I hope this collection captures something of the country’s people and beliefs, its landscape, passions and politics since 1916. It’s my best attempt to create a One Country One Book poetry collection


Etymologically, "anthology" suggests a delightful adventure. It is, after all, the gathering of a bunch of flowers. But, remembering WB Yeats's introduction to The Oxford Book of Modern Verse, I knew the difficulties ahead. Yeats spoke of authors who refused permission; others were "inadequately represented because too expensive". Surely TS Eliot was right: there is no competition among poets!

Windharp: Poems of Ireland Since 1916, the anthology I have just edited, began, without my knowing it, in 1988, when in Cambridge, Massachusetts, I pinned a copy of John Montague's gloriously evocative, one-sentence lyric poem Windharp above the kitchen sink. All year it reminded me of a beautifully empty, far-away Ireland. But it began even earlier: in the Presentation monastery in Killarney, in 1966, when Br Angelus introduced our class of boys in short trousers to a poem written by a man facing execution because he fought for Ireland's freedom. In an anthology that attempts to tell Ireland's story through its poems and poets since the momentous events of 1916, Patrick Pearse's The Wayfarer was the place to begin.

In autumn 2012 I wrote to Seamus Heaney, outlined my project and asked if he would, in addition to the poems of his that I had already chosen, make available an unpublished poem with which to close the book. Within a week he replied that he was "honoured to be invited to contribute a 'postscript' ", that he was "in an Old Mother Hubbard phase", had "very little in the cupboard, but your invitation stirs the pot, if you'll excuse a bit of metaphor-mix". Within a year his big, generous heart had been stilled. There would be no poem, but I felt his blessing on the work.
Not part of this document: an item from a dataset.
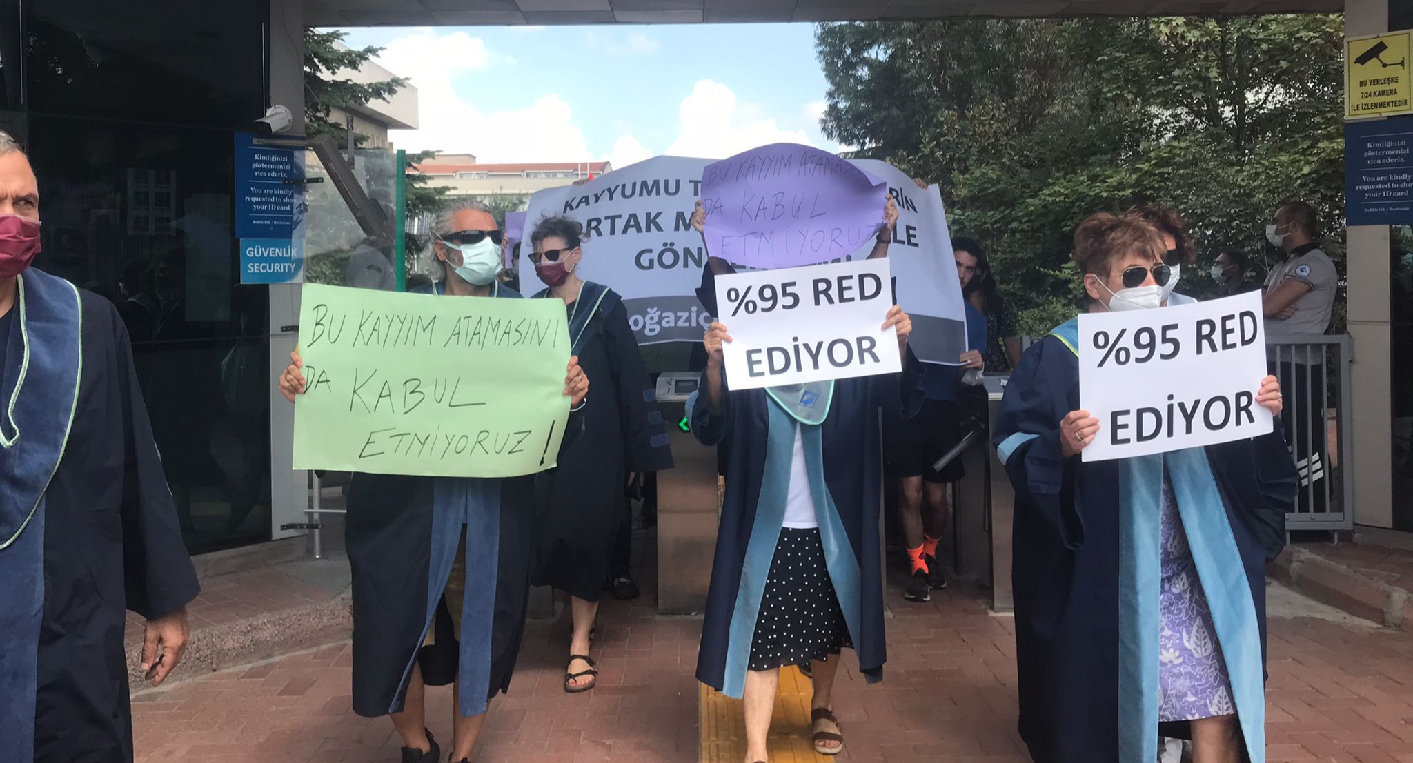 Melih Bulu’nun ardından AKP’li Cumhurbaşkanı Tayyip Erdoğan tarafından üniversiteye rektör olarak kayyım vekili ve yardımcısı Naci İnci’nin atanması üzerine Boğaziçi Üniversitesi öğretim üyeleri bu karar dönük itirazlarını düzenledikleri yürüyüşle gösterdi.

And then, by chance, I met Moya Cannon, and she mentioned her recently completed The Countermanding Order, 1916, which was published earlier this year in this newpaper. It became Windharp's final poem and returns the reader to the book's first poet.
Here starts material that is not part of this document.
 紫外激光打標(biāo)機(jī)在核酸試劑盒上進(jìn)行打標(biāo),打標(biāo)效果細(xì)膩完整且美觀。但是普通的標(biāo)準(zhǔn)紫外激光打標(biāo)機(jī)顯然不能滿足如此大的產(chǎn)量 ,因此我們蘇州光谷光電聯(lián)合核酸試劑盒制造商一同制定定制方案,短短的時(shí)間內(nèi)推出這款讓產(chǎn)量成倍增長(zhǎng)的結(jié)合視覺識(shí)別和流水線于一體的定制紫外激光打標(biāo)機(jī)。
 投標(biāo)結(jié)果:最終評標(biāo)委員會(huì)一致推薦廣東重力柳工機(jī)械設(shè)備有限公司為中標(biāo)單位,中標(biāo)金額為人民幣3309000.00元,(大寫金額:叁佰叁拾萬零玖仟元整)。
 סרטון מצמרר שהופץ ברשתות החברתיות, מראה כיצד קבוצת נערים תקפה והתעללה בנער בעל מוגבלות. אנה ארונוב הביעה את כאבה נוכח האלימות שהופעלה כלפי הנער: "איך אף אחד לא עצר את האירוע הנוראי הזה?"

In the end I omitted Freda Laughton and Oliver St John Gogarty; I hesitated between John Hewitt's Mass or First Corncrake; Enda Wyley's and Tara Bergin's different St Patrick's Day poems spoke to each other; and Katharine Tynan's The Long Vacation was a discovery, as were Cecil Day-Lewis's Fishguard to Rosslare, Pat Galvin's Donnelly's Hollow, Doireann Ní Ghríofa's poem about Savita Halappanavar, the memorable Joe Duffy/Liveline poem Old Testament Times, which I first heard Mary Branley read in Sligo, and Joe Kane's Made in Ireland, which gives voice to a Philippine nurse and her take on the Irish health system. Gabriel Fitzmaurice's Munster Football Final 1924 tells of how a republican and a Free Stater forgot their differences and played together for Kerry against Clare. Kerry won.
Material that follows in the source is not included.